"Clare, dear, do get up. Come on to the sofa. You mustn't kneel there. You'll strain yourself. I always get tired kneeling in church. It makes one's heart ache."

Clare would not move.

"Don't you think my heart aches?" she said. "Don't you think it aches all day? You're young—you're cold—you can sit there reading, reading—with a ghost at your shoulder——"

An undecipherable expression flashed across Alwynne's face. It came but to go—and Clare, absorbed in her own passion, saw nothing.

"It's Louise!" she cried, between sincerity and histrionics. "Calling to some one. Calling from her grave. They call it an accident, like fools. Oh, can't you hear? She died because she was forced. She's complaining—plaining—plaining——I tell you it's nothing to do with me. It wasn't my fault!"

She flung her arms about Alwynne's waist and clutched her convulsively. She was sincere enough at last.

"Alwynne! Alwynne! Say it was not my fault."

Alwynne sank to her knees beside her and held her close. They clung to each other like scared children. But Clare's abandonment awoke all Alwynne's protective instincts. She crushed down whatever emotions had hollowed her eyes and whitened her cheeks in the last long weeks, and addressed herself to quieting Clare. Clare, stepped off her pedestal, unpoised, clinging helplessly, was a new experience. In the face of it she felt herself childish, inadequate. But Clare was in trouble and needed her. The very marvel of it steadied. All her love for Clare rose within her, overflowed her, like a warm tide.

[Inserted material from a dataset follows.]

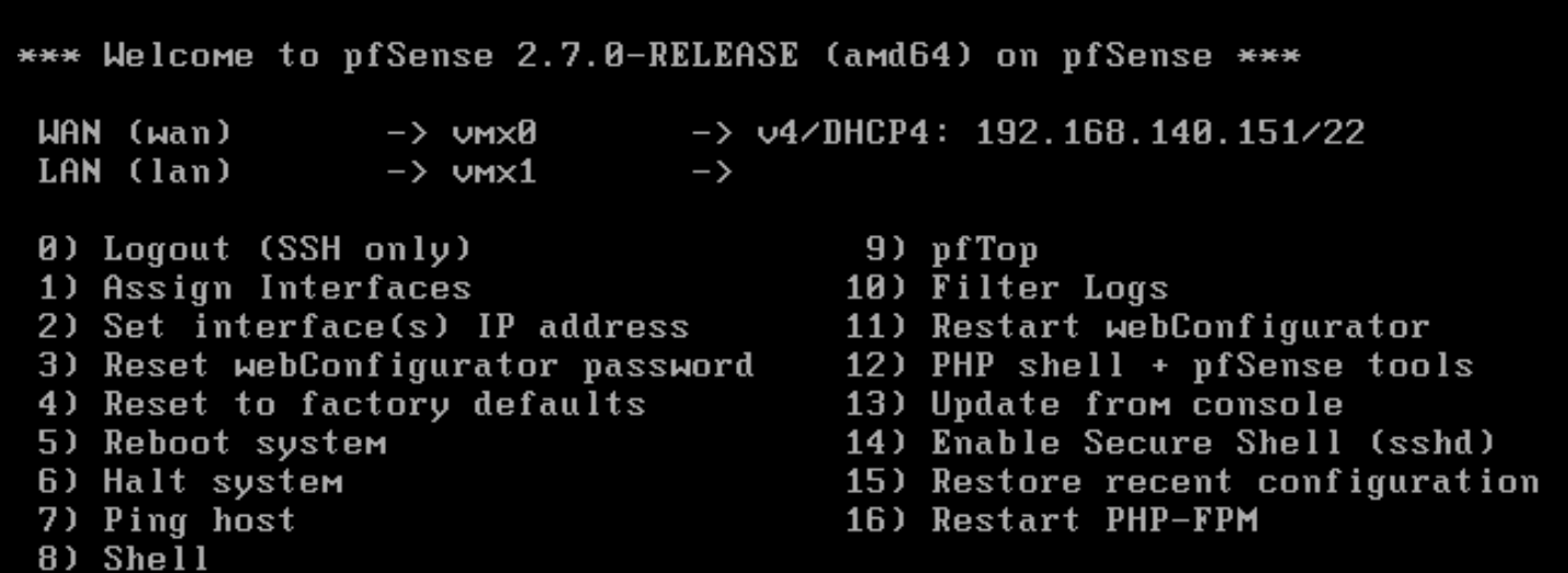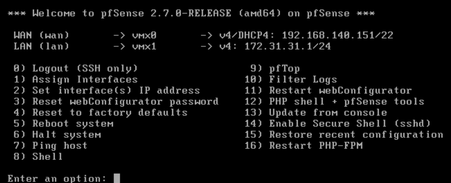 Press 2, then 2, n for dhcp, in the new LAN ipv4 address is the address for the gateway (172.31.31.1), then enter for none, not ipv6, and y for dhcp and y for web configuration.

By sheer strength she pulled Clare into a chair and dropped on to the floor beside her, face upturned, talking fast and eagerly.

"You're not to talk like that. Of course it's not your fault. If anything could be your fault. Clare, darling, don't look like that. You must lean back and rest. You're just tired, you know. We've talked of it so often. You know it was an accident. Why can't you believe it, if every one else does?"